Should give you something like this:

http GET $BASE_DOMAIN/api/user/john@gmail.com
HTTP/1.1 200 OK
Connection: keep-alive
Content-Length: 976
Content-Type: application/json
Date: Sat, 25 Apr 2020 09:17:07 GMT
Via: 1.1 5da47734f496c05ba90c546c024fb779.cloudfront.net (CloudFront)
X-Amz-Cf-Id: hfpCCsc632rf_84U_bPXU2HRZep6oK_U4vnHQTGoHT3olX7BmoXq1w==
X-Amz-Cf-Pop: LHR61-C2
X-Amzn-Trace-Id: Root=1-5ea40012-442f3f982a8b83b4481e7856;Sampled=0
X-Cache: Miss from cloudfront
x-amz-apigw-id: LiTy7Eg3DoEF1aA=
x-amzn-RequestId: 3e60f0df-3f3a-4578-be57-188d5f697e8e

{
    "anonymousIds": [
        "f1ef0f8d-68d2-4fbc-a7e6-cade9d42f3aa"
    ],
    "sessions": [
        [
            {
                "anonymousId": "f1ef0f8d-68d2-4fbc-a7e6-cade9d42f3aa",
                "eventId": "2020-04-25T08:27:08.257Z-ajs-534d538d5ccb72c0da98473f25c91f49",
                "messageId": "ajs-534d538d5ccb72c0da98473f25c91f49",
                "referrer": {
                    "network": "linkedin",
                    "type": "social"
                },
                "referrerUrl": "https://www.linkedin.com/",
                "timestamp": "2020-04-25T08:27:08.257Z",
                "url": "https://www.prezly.com/case-studies/m-and-c-communications?li_fat_id=7c4f0e4a-9902-49af-83d2-3d2c803037af",
                "userId": null
            },
            {
                "anonymousId": "f1ef0f8d-68d2-4fbc-a7e6-cade9d42f3aa",
                "eventId": "2020-04-25T08:45:34.315Z-ajs-26168b569103f6176c369916e2b74d4a",
                "messageId": "ajs-26168b569103f6176c369916e2b74d4a",
                "referrer": {
                    "engine": "google",
                    "host": "www.google.com",
                    "type": "search"
                },
                "referrerUrl": "https://www.google.com/",
                "timestamp": "2020-04-25T08:45:34.315Z",
                "url": "https://www.prezly.com/academy/relationships/corporate-social-responsibility/the-relationship-between-pr-and-csr",
                "userId": null
            }
        ]
    ]
}

So let’s see what we have here? This is the response coming from the /user API

One UserId with 3 sessions from different sources


Looks good. Not sure how I am going to digest/use that data and pass it back to segment but let’s consider that a problem for later.

Running in production

So we’re ready to test drive this in production. Open your serverless.yml and change the stage to prod

Quick sls deployshould create new tables, new event streams and new functions.

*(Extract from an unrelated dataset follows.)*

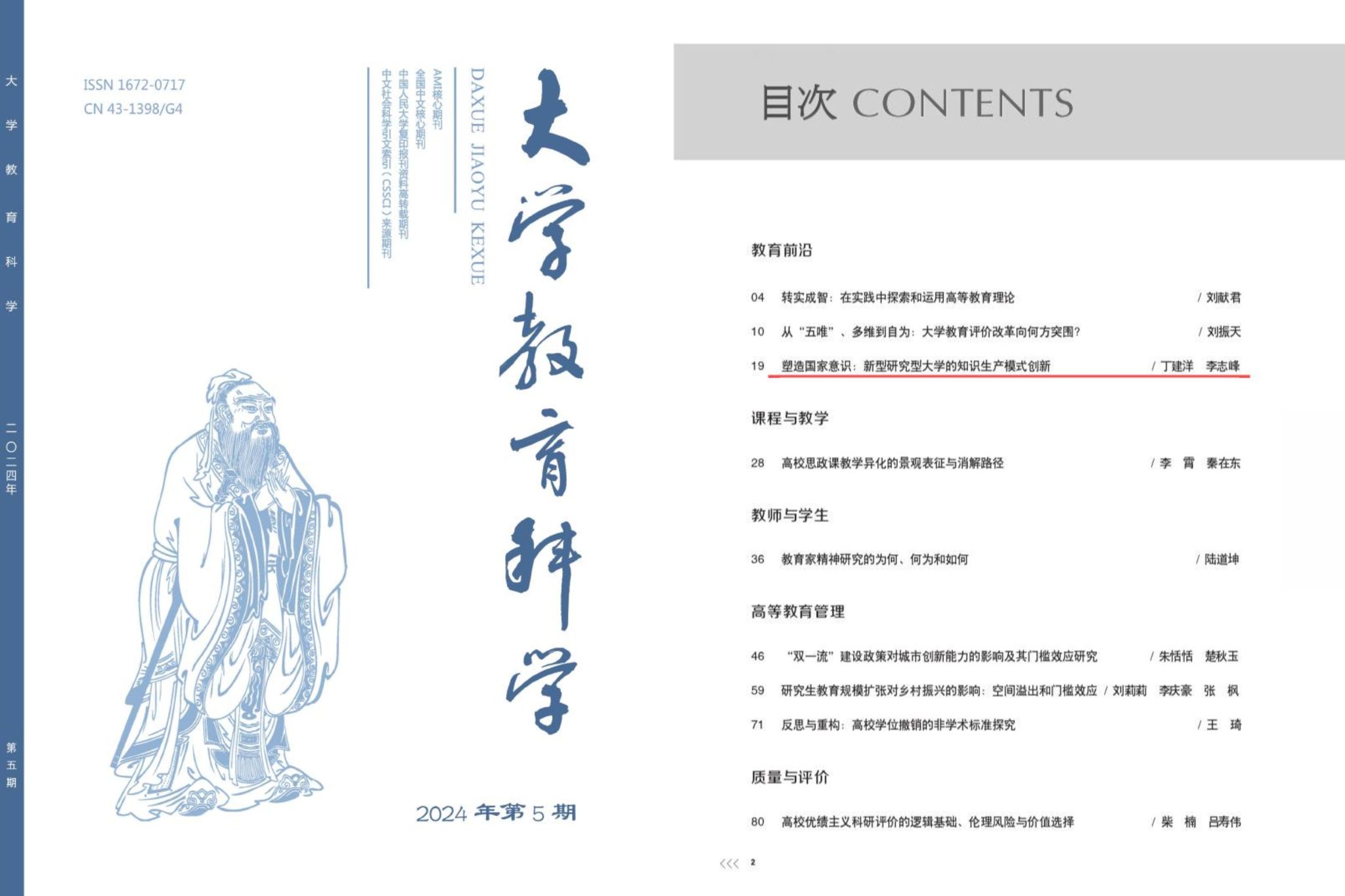 经济管理学院丁建洋老师的文章《塑造国家意识:新型研究型大学的知识生产模式创新》,在大学教育科学 2024(05)期刊出。

When the deployment is done search for the function that is linked to the POST endpoint (URL ending with /events). Copy that URL and log in to your segment account.

Go to your project > destinations > webhooks and enable the webhook to this URL.

enable the webhook in segment

After that you can go to the event tester to see if all works well

Now let’s let this integration run for a few days (it’s weekend after all) and check in on Monday if there are any issues/problems we need to solve.